Using Regular Expressions in Check Constraint - no more articles on Obama, McCain, Palin or Biden 20188367001

Using Regular Expressions in Check Constraint – no more articles on Obama, McCain, Palin or Biden

Recently I was working on an RSS feed aggregator – a SQL Merge statement that through the use of httpuritype and XMLTable scans multiple RSS feeds and merges the news items from those feeds into a central RSS_ARCHIVE table. I soon discoveredthat the archive would become flooded with stories on the candidates for the US elections. So I decided I would ban those articles from the RSS_ARCHIVE table: I would not allow any article that had the name of one of the four contenders (President and Vice President) in its title.
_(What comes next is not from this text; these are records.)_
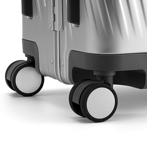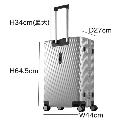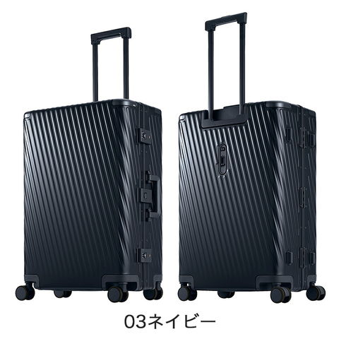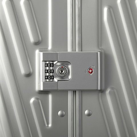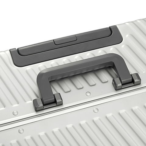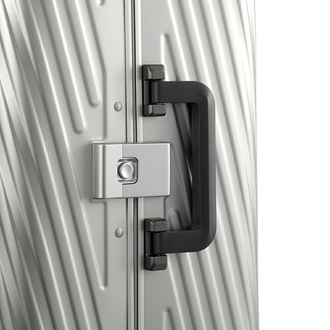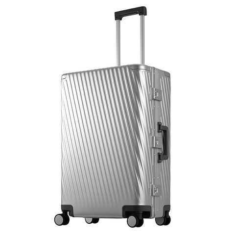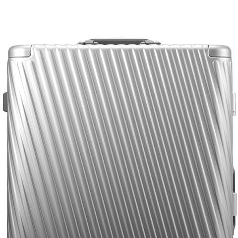 斜めのリブが美しくフェードアウトするアルミニウムボディのスーツケース
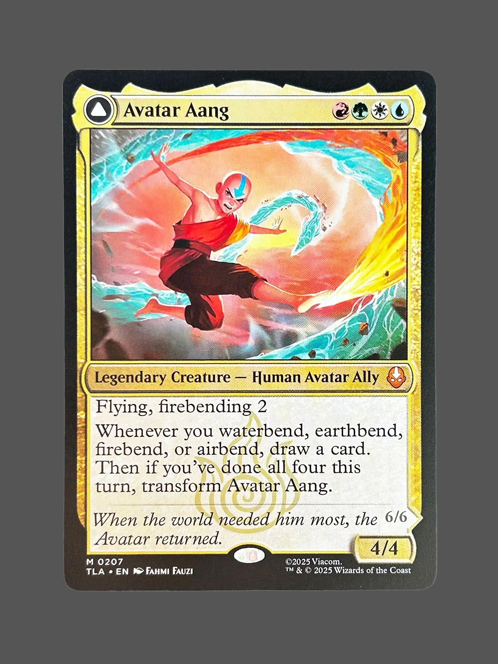 Looking for a high-quality Avatar Aang proxy? This Holo proxy from The Lost Caverns of Ixalan (TLA) is a Legendary Creature — Human Avatar Ally that grants flying and firebending 2, drawing a card whenever you use any bending type. If you complete all four bends in a turn, it transforms into its powerful alternate form. Built with German black core paper and professional CMYK printing, it’s virtually indistinguishable from the original.
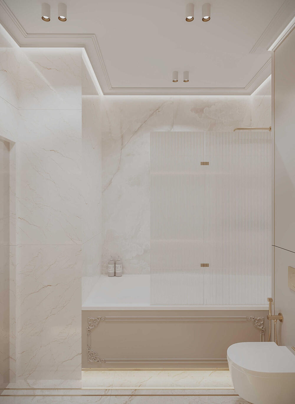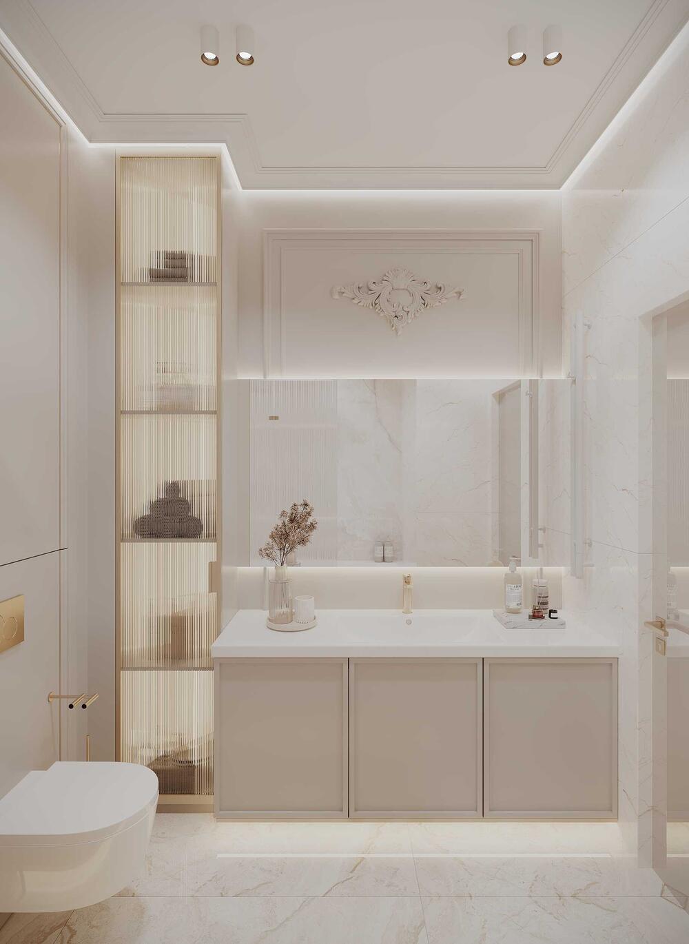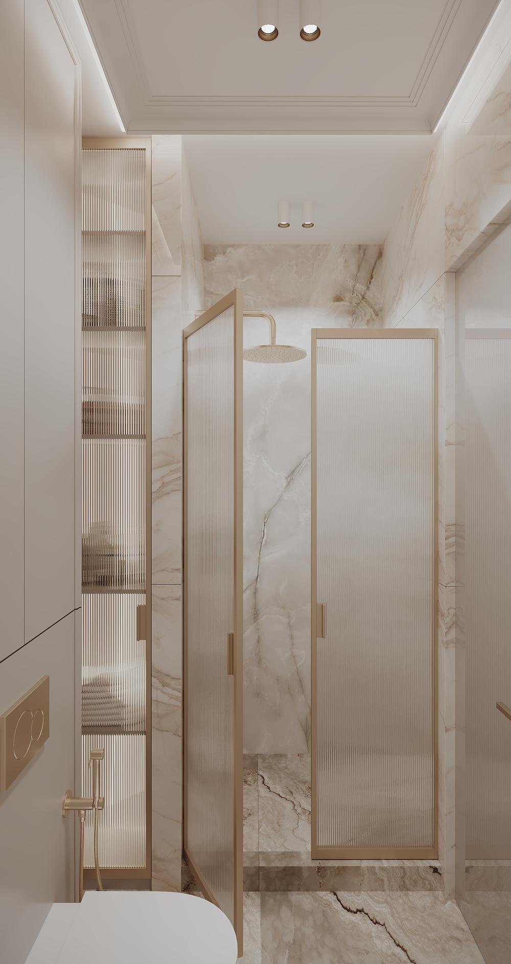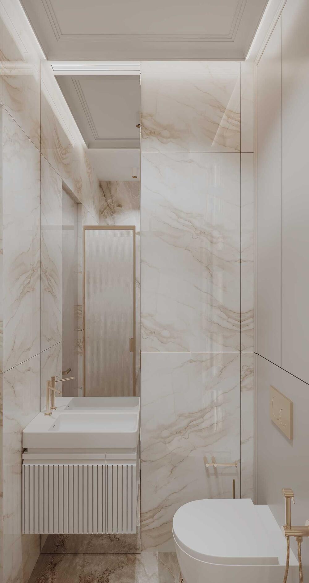 Дополнительно разместили узкий витринный шкаф с рифлёными стеклянными дверцами и встроенный стеллаж для хранения. Отделка — светлый керамогранит под мрамор, фурнитура — латунь.
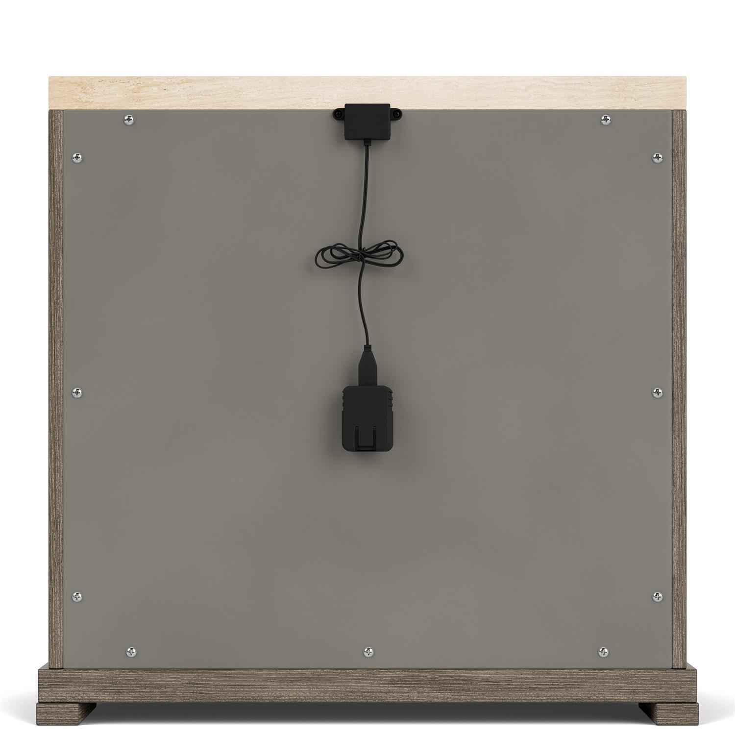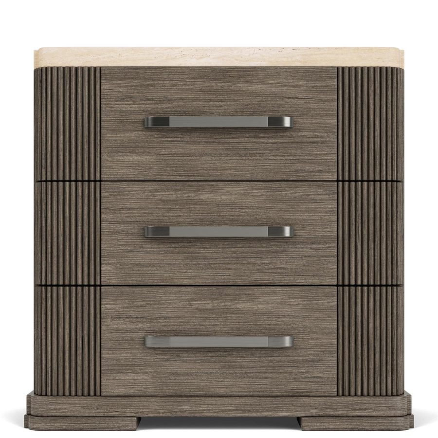 Product Description: Riverside Furniture 87168 Sariel Stone Top Three Drawer Nightstand - Constructed of select hardwood solids and quartered Oak veneer. Vertical reeds flanking horizontal veneer gives the case a unique breakup. Radiused outside corners and stepped out block feet add to the modern styling of the group. Combination of two metal finishes give you a one-of-a-kind custom designed hardware. Polished travertine stone top. Three drawers are constructed with dovetail joinery and ball-bearing extension guides. Drawers have veneered bottoms. Dust panel under bottom drawers. Dual USB/USB-c power outlet mounted on the back.
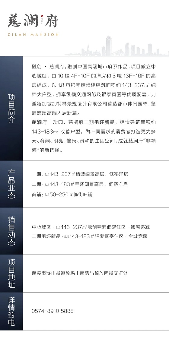 1、融创·慈澜府备案名为“慈澜府”,为慈溪西门小区A1地块备案名,开发公司为:宁波融创悦慈置业有限公司,预售证为:慈房预许字(2019)第031号、慈房预许字(2020)第026号;慈澜府|璟园备案名为“慈澜府”,为慈溪西门小区D地块备案名,开发公司为:宁波悦远置业有限公司,预售证为:慈房预许字(2020)第016号,慈房预许字(2020)第034号;慈溪西门小区A1地块和西门小区D地块系不同的开发主体,西门小区D地块为毛坯交付,特此说明;
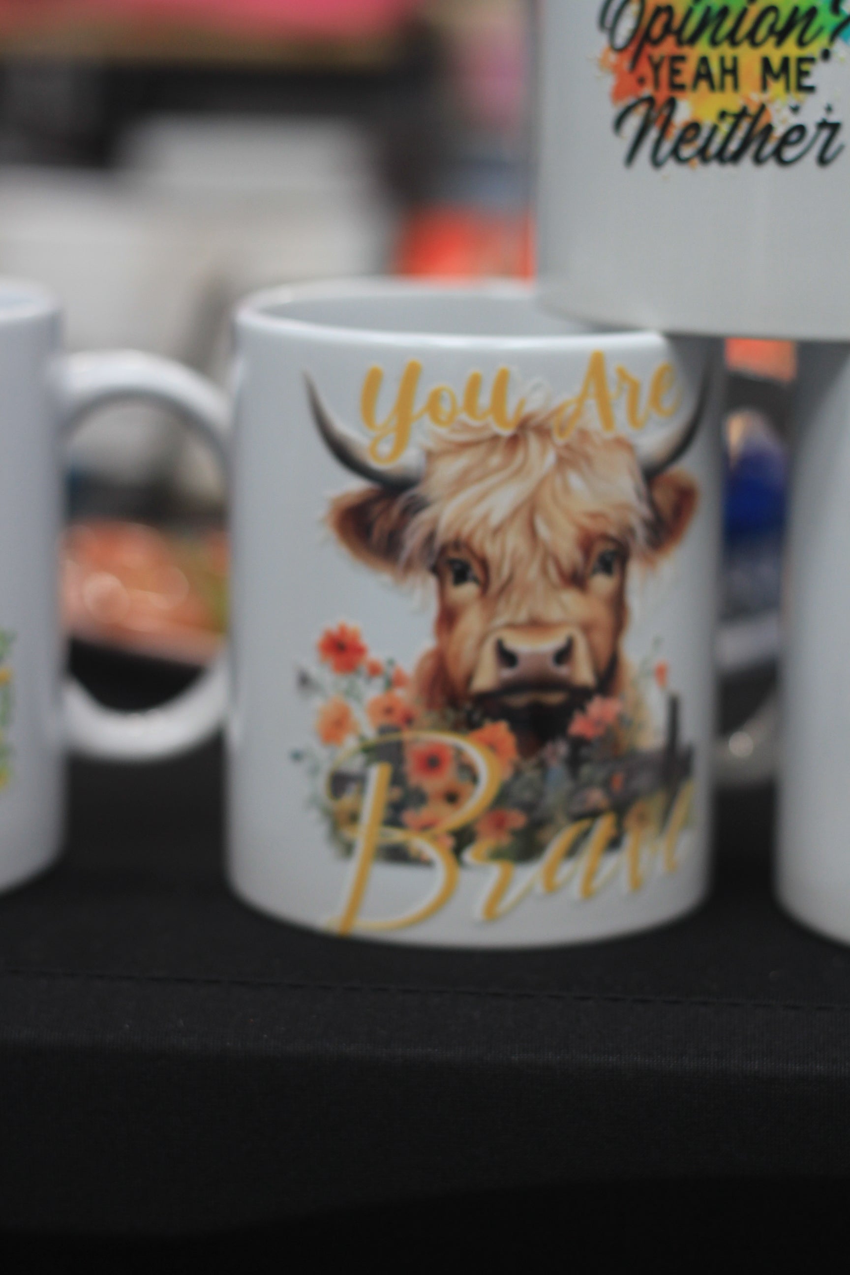 A mug with a highland cow transfer with You are Brave as text. The capacity is around 11fl oz and comes complete with a white gift box.
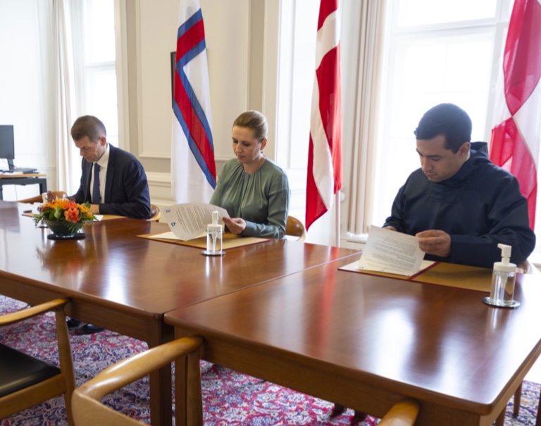 Nú verður farið undir eitt nýtt samstarv ímillum londini í ríkisfelagsskapinum. Tað er Samstarvsráðið ímillum Danmark, Føroyar og Grønland, sum nú fer til verka. Seinnapartin í dag hava teir tríggir stjórnarleiðararnir í ríkisfelagsskapinum, Mette Frederiksen, Bárður á Steig Nielsen og Muté B. Egede skrivað undir eina avtalu um treytirnar fyri samstarvið.
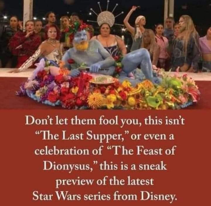 July 30, 20241 yr 3 hours ago, toolg said: On 7/29/2024 at 12:00 PM, iladelphxx said: https://en.m.wikipedia.org/wiki/Le_Festin_des_Dieux Hey guys..... It wasn't the Last Supper, it was a little known controversial painting that was directly inspired by The Last Supper...... On 7/28/2024 at 4:30 PM, iladelphxx said: Cool. What's the explanation of the symbolism behind the guy with his balls hanging out of his pants 2 feet away from the child dressed in drag? "A little artsy"
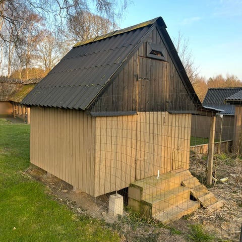 Det malede stykke er overdækket og den nye, umalede hønsegård er uden tag.
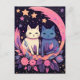 A charming postcard featuring two mystical cats surrounded by flowers, stars, and a crescent moon, perfect for sending enchanting vibes to your loved ones.
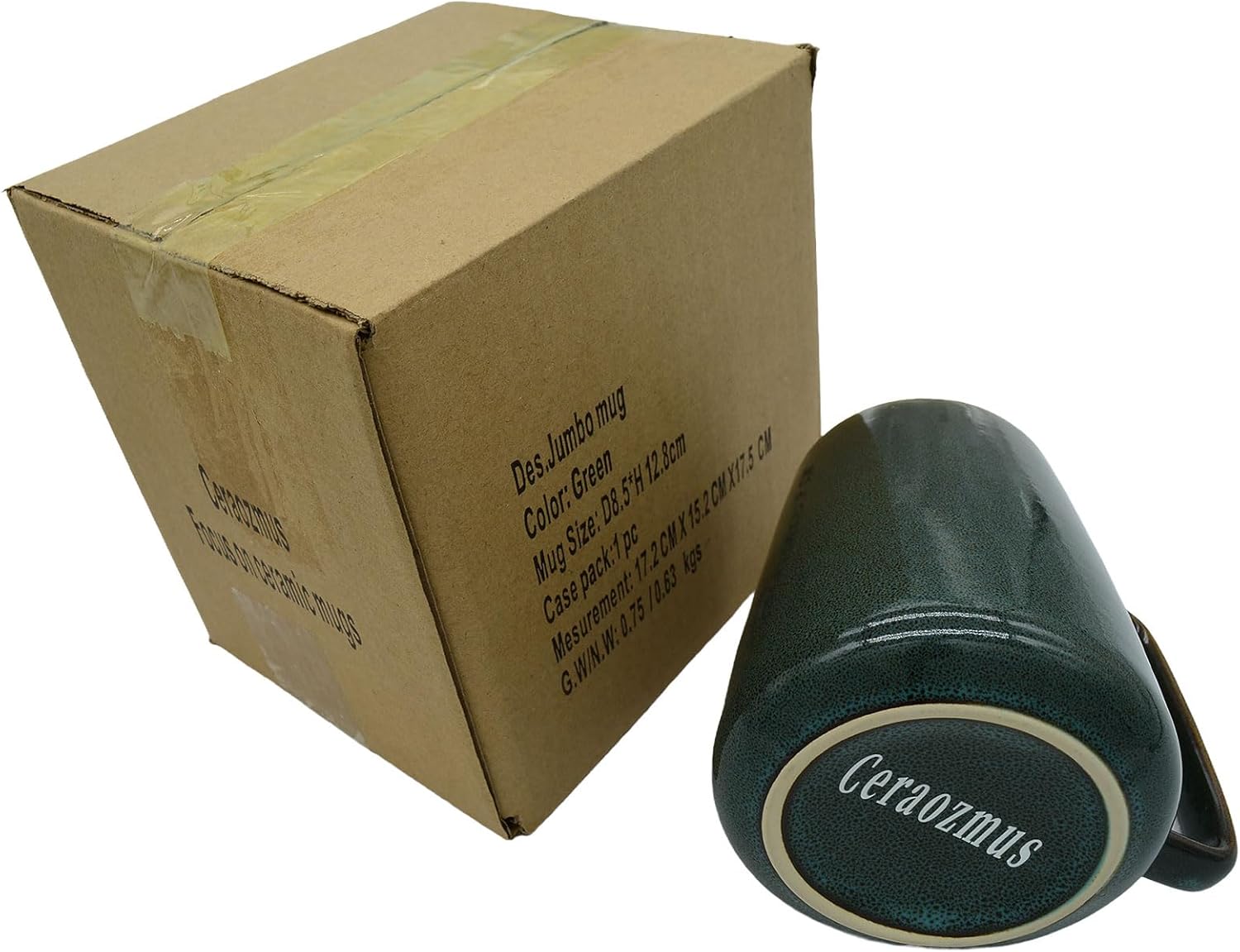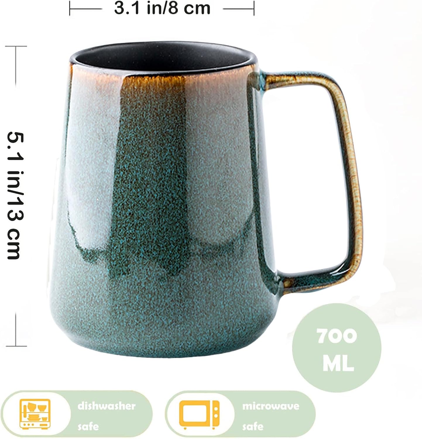 Large Ceramics Coffee Mugs,24 oz,Large Handle Design,Extra Large Tea and Coffee Cup for Office and Home,Microwave and Dishwasher Safe(Color:24 oz green)
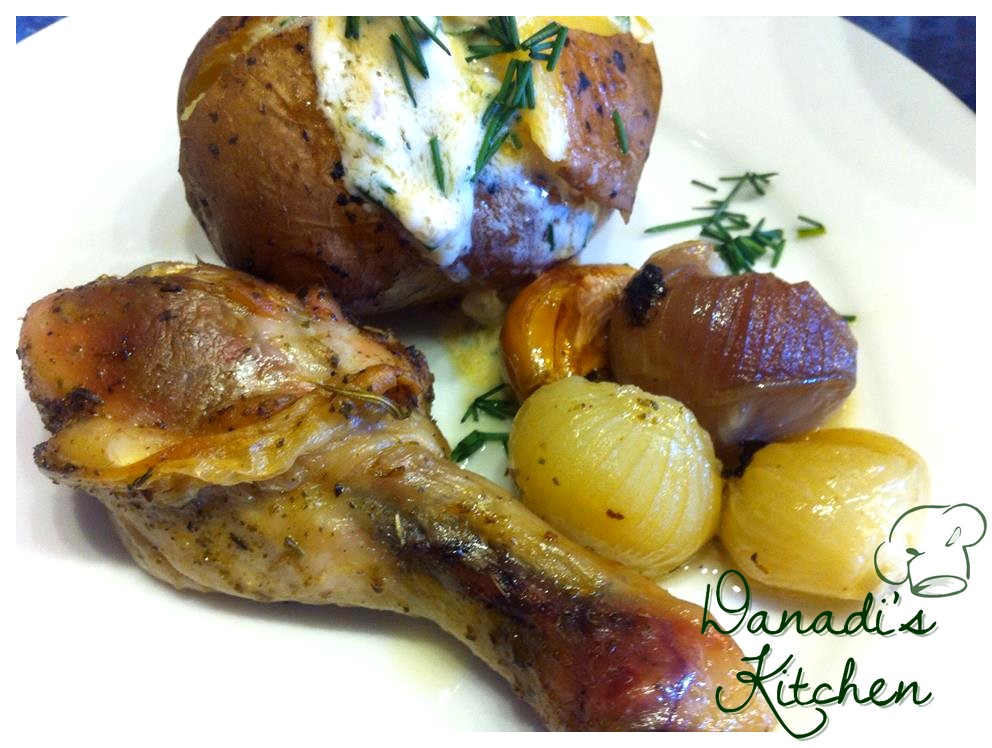 A csirkecombokat jól megmosom, megszárítom. Ezután bedörzsölöm a fűszerekkel. Mehet is egy tepsibe. A hagymákat megtisztítom és így egészben teszem a húsok mellé. Tetejét meglocsolom olíva olajjal, kevés vizet teszek alá majd néhány szál rozmaring ágat is mellérakok. Előmelegített sütőben sütöm nagyjából 45 percen keresztül, ezután szedem le róla a fedőt és egy kicsit meg is pirítom.
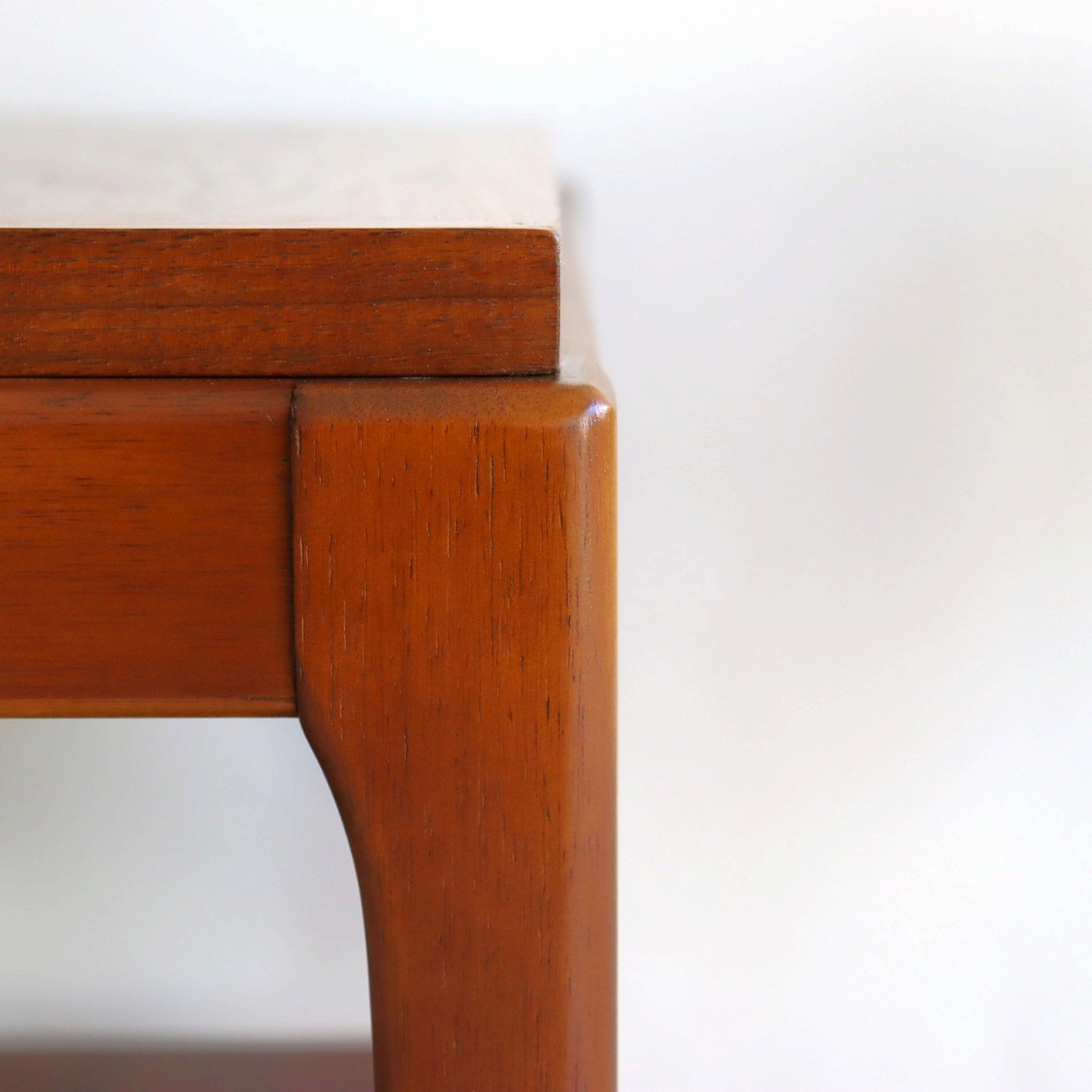 天板はウレタン塗装で再塗装してあります。木の質感や木目を活かすよう必要十分な薄さにしておりますので、長時間の水気や蒸気にはご注意ください。
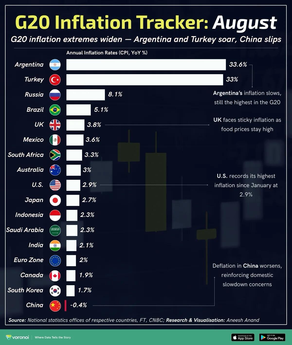 At a glance, Argentina (33.6%) and Türkiye (33%) remain the top two inflation hotspots, while China is the only G20 member in deflationary territory at -0.4%.

And the easiest way to enforce such a record level constraint obviously is a Check Constraint.

My first attempt at this check constraint was something old fashioned like:

alter table rss_archive
add constraint rss_ban_stories_chk check 
( instr(lower(title), 'obama')<> -1 and instr(lower(title), 'mcain')<> -1 
  and instr(lower(title), 'palin')<> -1 and instr(lower(title), 'biden')<> -1
)

However, I soon discovered that it would become fairly horrible. So I sat down and browsed a little on the internet about regular expressions. One of those beasts you encounter over and over again and at least for me have still not become an intuitive item in my toolbox. And after some time I found the syntax I needed. That allowed me to create the Check Constraint in a much more elegant way – especially for someone more fluent in regular expressions:

alter table rss_archive
add constraint rss_ban_stories_chk check 
( NOT REGEXP_LIKE(title,'(obama)|(mccain)|(palin)|(biden)' ,'i'))
/

This basically says: the result of trying to find one of the strings obama, mcacin, palin and biden in the title – evaluated in a case insensitive manner (that’s the last parameter to the REGEXP_LIKE operator) should not be true.